Excerpted data =
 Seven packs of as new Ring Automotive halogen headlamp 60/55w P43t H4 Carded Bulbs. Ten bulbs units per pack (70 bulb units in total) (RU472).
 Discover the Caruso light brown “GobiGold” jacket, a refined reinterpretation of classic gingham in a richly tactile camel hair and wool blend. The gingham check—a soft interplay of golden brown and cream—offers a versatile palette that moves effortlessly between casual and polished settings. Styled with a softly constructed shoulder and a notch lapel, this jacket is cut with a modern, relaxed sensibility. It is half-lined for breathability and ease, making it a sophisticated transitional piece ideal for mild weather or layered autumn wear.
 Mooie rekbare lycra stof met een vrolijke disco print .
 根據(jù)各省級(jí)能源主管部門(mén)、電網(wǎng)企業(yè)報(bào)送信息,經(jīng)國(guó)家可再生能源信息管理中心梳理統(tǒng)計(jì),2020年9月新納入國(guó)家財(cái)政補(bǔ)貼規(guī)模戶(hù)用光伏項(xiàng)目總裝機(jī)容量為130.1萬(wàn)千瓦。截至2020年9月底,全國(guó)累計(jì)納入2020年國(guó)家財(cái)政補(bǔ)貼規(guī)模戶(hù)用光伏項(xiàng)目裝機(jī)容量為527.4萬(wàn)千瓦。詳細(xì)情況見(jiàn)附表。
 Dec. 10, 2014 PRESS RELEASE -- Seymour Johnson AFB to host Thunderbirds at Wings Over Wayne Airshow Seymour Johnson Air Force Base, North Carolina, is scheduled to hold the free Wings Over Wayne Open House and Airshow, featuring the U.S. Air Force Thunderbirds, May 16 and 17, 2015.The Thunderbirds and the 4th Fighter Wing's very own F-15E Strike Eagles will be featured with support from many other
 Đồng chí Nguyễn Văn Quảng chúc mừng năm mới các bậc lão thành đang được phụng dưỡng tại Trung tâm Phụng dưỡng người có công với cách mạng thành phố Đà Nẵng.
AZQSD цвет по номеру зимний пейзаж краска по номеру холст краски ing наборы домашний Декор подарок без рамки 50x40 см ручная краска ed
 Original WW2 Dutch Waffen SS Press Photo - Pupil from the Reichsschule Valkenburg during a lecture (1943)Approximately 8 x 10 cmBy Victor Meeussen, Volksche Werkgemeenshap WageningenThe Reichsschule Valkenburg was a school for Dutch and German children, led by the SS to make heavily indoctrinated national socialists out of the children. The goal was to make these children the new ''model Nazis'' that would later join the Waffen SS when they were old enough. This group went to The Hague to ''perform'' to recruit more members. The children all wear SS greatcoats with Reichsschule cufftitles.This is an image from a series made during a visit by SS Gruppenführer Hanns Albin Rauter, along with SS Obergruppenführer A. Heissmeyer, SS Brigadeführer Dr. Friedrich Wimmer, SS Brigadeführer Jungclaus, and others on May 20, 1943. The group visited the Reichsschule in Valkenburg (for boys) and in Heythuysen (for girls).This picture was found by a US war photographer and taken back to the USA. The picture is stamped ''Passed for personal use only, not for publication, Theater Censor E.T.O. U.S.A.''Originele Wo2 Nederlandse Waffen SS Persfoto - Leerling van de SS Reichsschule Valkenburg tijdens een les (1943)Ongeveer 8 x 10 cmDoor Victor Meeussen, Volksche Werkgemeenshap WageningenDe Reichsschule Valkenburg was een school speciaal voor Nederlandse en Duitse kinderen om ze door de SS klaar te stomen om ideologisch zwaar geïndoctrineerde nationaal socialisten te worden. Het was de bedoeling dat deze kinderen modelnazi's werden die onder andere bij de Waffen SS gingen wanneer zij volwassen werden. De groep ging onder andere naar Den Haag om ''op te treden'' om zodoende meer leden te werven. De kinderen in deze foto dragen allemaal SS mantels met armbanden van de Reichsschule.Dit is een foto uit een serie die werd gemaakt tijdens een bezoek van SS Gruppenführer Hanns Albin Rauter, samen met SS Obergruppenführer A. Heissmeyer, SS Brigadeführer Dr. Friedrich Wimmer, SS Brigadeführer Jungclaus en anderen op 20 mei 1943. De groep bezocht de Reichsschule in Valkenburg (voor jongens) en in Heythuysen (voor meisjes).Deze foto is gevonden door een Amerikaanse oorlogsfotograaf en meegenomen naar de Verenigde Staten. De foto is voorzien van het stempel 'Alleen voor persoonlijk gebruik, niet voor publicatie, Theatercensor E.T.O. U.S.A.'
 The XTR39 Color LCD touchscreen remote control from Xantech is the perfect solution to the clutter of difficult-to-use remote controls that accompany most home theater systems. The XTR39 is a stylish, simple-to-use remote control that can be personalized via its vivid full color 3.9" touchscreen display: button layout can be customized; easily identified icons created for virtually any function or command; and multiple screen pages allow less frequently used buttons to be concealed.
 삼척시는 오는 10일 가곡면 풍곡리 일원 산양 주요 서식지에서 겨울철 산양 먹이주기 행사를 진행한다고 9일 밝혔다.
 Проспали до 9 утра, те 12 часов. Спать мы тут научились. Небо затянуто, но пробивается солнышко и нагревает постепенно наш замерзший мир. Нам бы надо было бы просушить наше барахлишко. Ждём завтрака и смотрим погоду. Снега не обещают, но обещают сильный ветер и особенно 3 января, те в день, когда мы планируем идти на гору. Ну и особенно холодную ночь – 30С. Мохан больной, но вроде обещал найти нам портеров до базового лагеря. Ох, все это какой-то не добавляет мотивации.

Task statement = A verbatim transcription is needed of the lines above, starting at the line with "Dec. 10, 2014" and ending at the line with "AZQSD цвет по", both included, and of nothing else.

Response below =
 Dec. 10, 2014 PRESS RELEASE -- Seymour Johnson AFB to host Thunderbirds at Wings Over Wayne Airshow Seymour Johnson Air Force Base, North Carolina, is scheduled to hold the free Wings Over Wayne Open House and Airshow, featuring the U.S. Air Force Thunderbirds, May 16 and 17, 2015.The Thunderbirds and the 4th Fighter Wing's very own F-15E Strike Eagles will be featured with support from many other
 Đồng chí Nguyễn Văn Quảng chúc mừng năm mới các bậc lão thành đang được phụng dưỡng tại Trung tâm Phụng dưỡng người có công với cách mạng thành phố Đà Nẵng.
AZQSD цвет по номеру зимний пейзаж краска по номеру холст краски ing наборы домашний Декор подарок без рамки 50x40 см ручная краска ed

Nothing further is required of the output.